### Scrape responsibly! 



#### Function to scrape enforcement actions by the Central Bank of Ireland.
The actual target URL is not listed below. The target webpage currently contains 13 pages of enforcement actions. Apart from the last page, each page has 10 embedded links. Each link contains information on an enforcement action or settlement. 

The main function below focuses on the script within each link and extracts only entities of interest that were subject to the enforcement action. There is a lot of java script embedded in the url which is more the domain of "Selenium" but the target information was text within a script class so it was possible to stick with Requests and Beautiful soup to extract the text information of interest.

#### The Python function of interest below is:  get_enforcement_list(). get_enforcement_list()  uses the following Python libraries: 
1. Python Requests to extract all html, css from target URL. (https://pypi.org/project/requests/)
2. Python Beautiful Soup parses the html, css and text from java script. (https://pypi.org/project/beautifulsoup4/)
3. "spaCy" utilises its NER models to search for any named entities in the target list that are potentially of interest. (https://spacy.io/)

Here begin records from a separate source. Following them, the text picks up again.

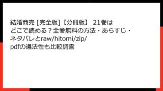女性マンガ 結婚商売 [完全版]【分冊版】 21巻はどこで読める?全巻無料の方法・あらすじ・ネタバレとraw/hitomi/zip/pdfの違法性も比較調査
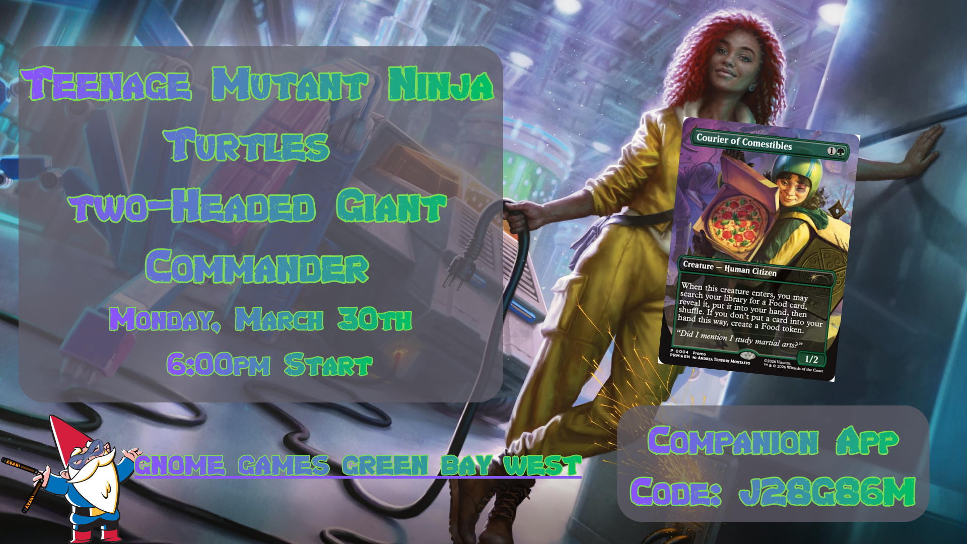 Join the Gnomes at Gnome Games Green Bay West for some Teenage Mutant Ninja Turtles fun with a Two-Headed Giant Commander Event celebrating this totally Turtle Power filled set on Monday, March 30th!
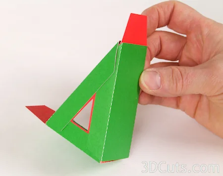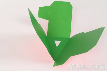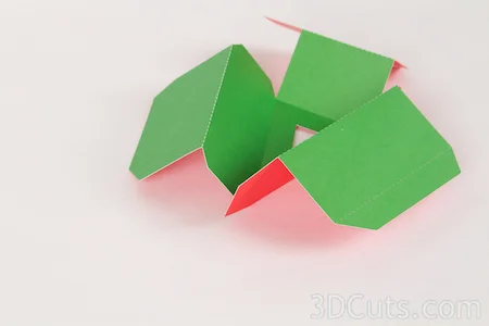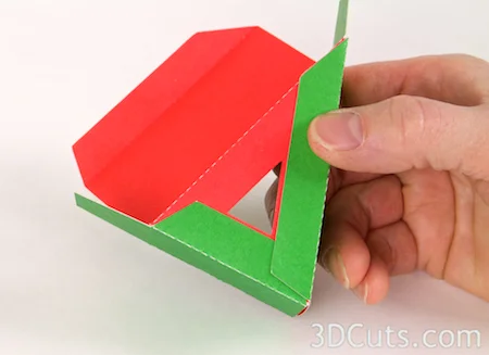 - Fold up the 3 small end tabs up (Image 5 - two shown in red and one in green). Fold on lines 10-11-12 in diagram.
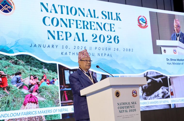 ह्याण्डलुम फ्याब्रिक्स मेकर्स अफ नेपाल र रेशम विकास केन्द्रको संयुक्त आयोजनामा आज यहाँ आयोजित राष्ट्रिय रेशम सम्मेलनमा उनले सीप तथा उद्यम विकासमा युवाको संलग्नता, आयत प्रतिस्थापन, निर्यात प्रवद्र्धन एवं जलवायु अनुकूलित हरित अर्थतन्त्रको प्रवद्र्धनमा पनि रेशमखेतीले योगदान दिनेमा विश्वास व्यक्त गरे ।
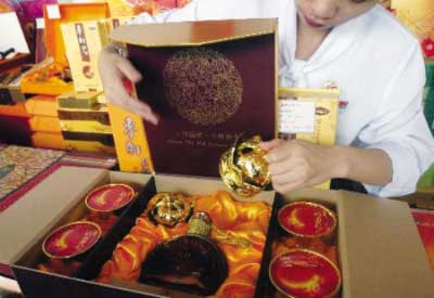 而2003年中秋節(jié),國(guó)內(nèi)更曾有標(biāo)價(jià)31萬(wàn)元的“中秋月餅加住房”;2004年中秋節(jié)曾有賣價(jià)18萬(wàn)元、內(nèi)含一件純金金佛的月餅禮盒。此外,內(nèi)有高檔洋酒、高檔茶葉以及鍍金刀叉等物品的高檔月餅禮盒比比皆是。
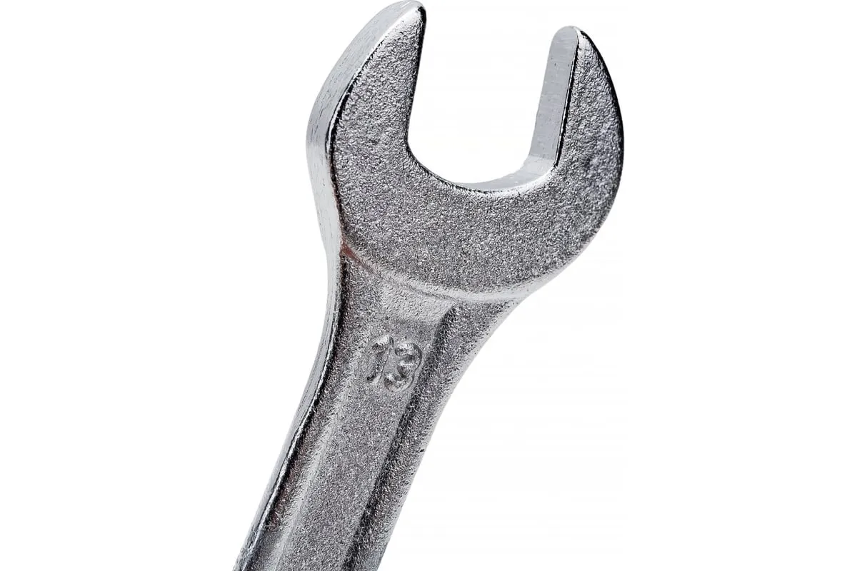 Хромированный рожковый ключ предназначен для откручивания и закручивания болтов, гаек и других крепежей с шестигранным профилем. Рабочие губки имеются с двух сторон, размер зева составляет 12 и 13 мм. Губки расположены под углом к рукоятке, что облегчает работу в стесненных условиях. Инструмент используется для сборки и разборки оборудования, при проведении монтажных работ, будет полезен дома, на даче или в гараже.
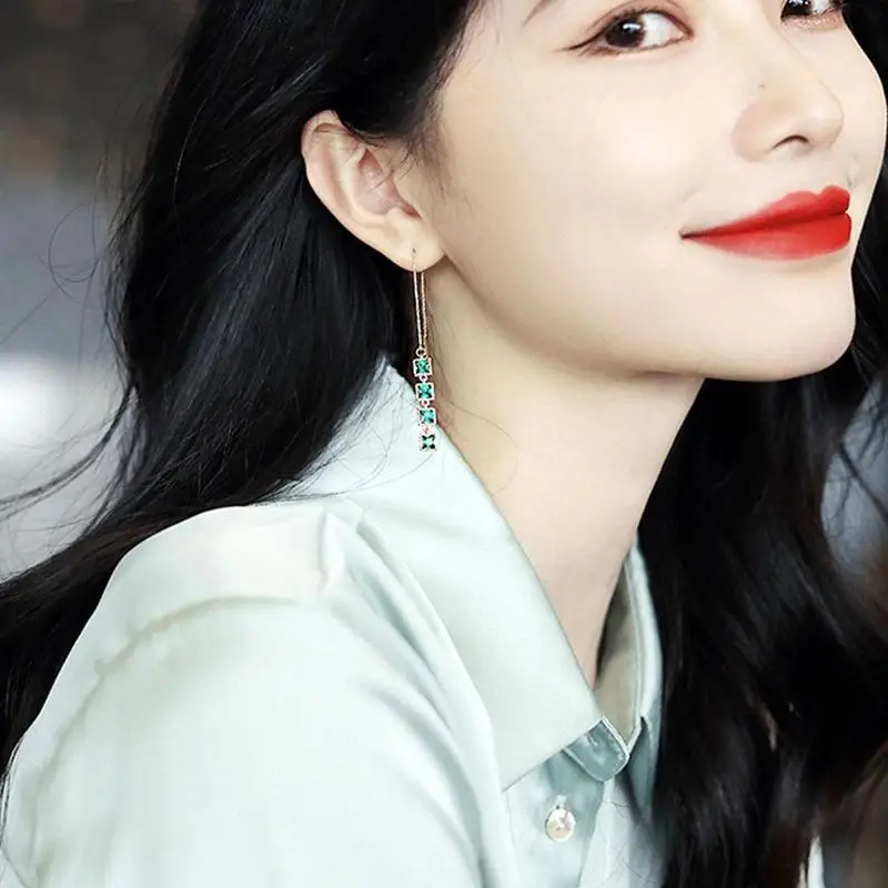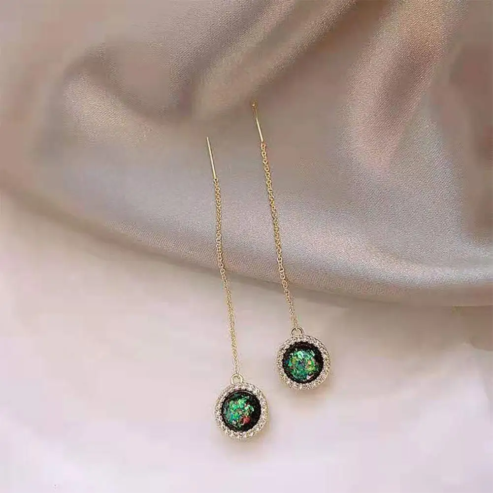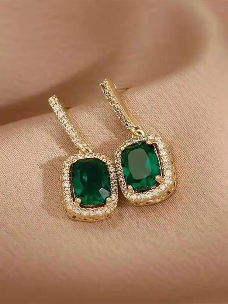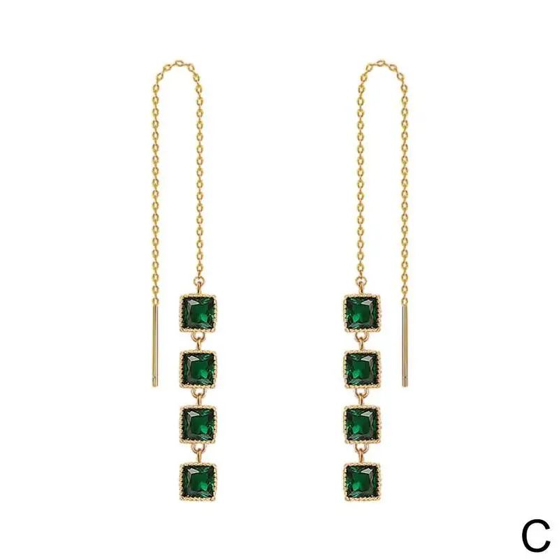 2021 модные роскошные квадратные круглые висячие серьги с зелеными кристаллами для женщин, большие Подвесные серьги, Модная бижутерия B1f8

Once called the function produces a list of organisations or persons that were subject to an enforcement or settlement action. All names are publicly available at time of scrape. Run time was just under four seconds for the function to scrape the entire contents from the webpage, parse all scraped code, look through thirteen pages of interest and produce a list of organisations/people of interest. Overall the NER models worked well. There were a few misses which could be refined and cleaned up. Some entities were merged as one eg (regulator and target entity). The list is at the bottom of the notebook.



##### May 2019

 

In [1]:
#Libraries
import pandas as pd
import requests
import bs4
from bs4 import BeautifulSoup
import numpy as np
import re 
import spacy
import time 

In [2]:
#Functions

#Scrape with requests and Soup
def scrape_url():
    global scripts
    url = 'https://www....legal-notices/enforcement-actions'
    r = requests.get(url)
    soup = BeautifulSoup(r.text, "html")
    scripts = soup.findAll('script')
 
  
#Extract strings of interest    
def parse_script(scripts):
    global s,start,end,entities
    entities=[]
    i = 0
    count=0 
    for script in scripts:    
        global s,start,end    
        if "var documentListTableContent" in script.text:  
            s=script.text.strip()
            for item in range(130):            
                count +=1
                start = s.find('Public',i,56500)
                end = s.find("url", start)
                sent = s[start:end]                                 
                entities.append(sent)
                i +=500                            

#Main function: sends get request, extracts all code/data and uses spaCy to target any named entities of interest.                
def get_enforcement_list():
    start = time.time()
    scrape_url()
    parse_script(scripts)
    offenders=entities[0:113]
    str1 = ''.join(offenders)
    str1.split(",")
    nlp = spacy.load('en_core_web_sm')
    doc = nlp(str1)
    print('LIST OF ENTITIES SUBJECT TO ENFORCEMENT ACTIONS/SETTLEMENTS')
    print('') 
    doc = nlp(str1)
    for ent in doc.ents:
        if ent.text != 'Public Statement relating to Settlement Agreement' and ent.text != '1' and  ent.text != '2' and ent.text != 'Central Bank' and ent.text != 'Settlement Agreement' and ent.text != 'the Central Bank of Ireland' and ent.text != 'the Central Bank' and ent.text != 'the Financial Regulator'and ent.text != 'Ireland':
            print(ent.text) 
            end = time.time()
    print('')        
    print("Run time in seconds :",(end - start)) 
                

In [3]:
#Call main function  

get_enforcement_list()

LIST OF ENTITIES SUBJECT TO ENFORCEMENT ACTIONS/SETTLEMENTS

Bank of Montreal
RSA Insurance
Tom McMenamin
E-Services and Communications Credit Union Limited
Citibank Europe
St. Canice&#39;s Kilkenny Credit Union Limited
Appian Asset Management Limited
BCWM
Michael P. Walsh
B.C.P. Asset Management Designated Activity Company
Central Bank of Ireland and Merrion Stockbrokers Limited
Robert Moynihan
Lorna Heffernan Finance Limited
Lupton Financial Services Limited
Lupton &amp;amp
Co. Financial Services
Albert Reilly
a Albert Reilly Insurance and Financial Consultants
Intesa Sanpaolo Life
Bank of Ireland
Allied Irish Bank
Drimnagh Credit Union
the Central Bank of Ireland and Bray Credit Union Limited
Springboard Mortgages Limited
Springboard
Ulster Bank
Ulster Bank
Ireland Limited
Capita Life and Pensions Services
KBC Bank
New Ireland Assurance Company
The Mortgage Centre
Arch Reinsurance Europe
Octagon Online Services Limited
the Central Bank of Ireland and Lambay Capital Limited
Michael H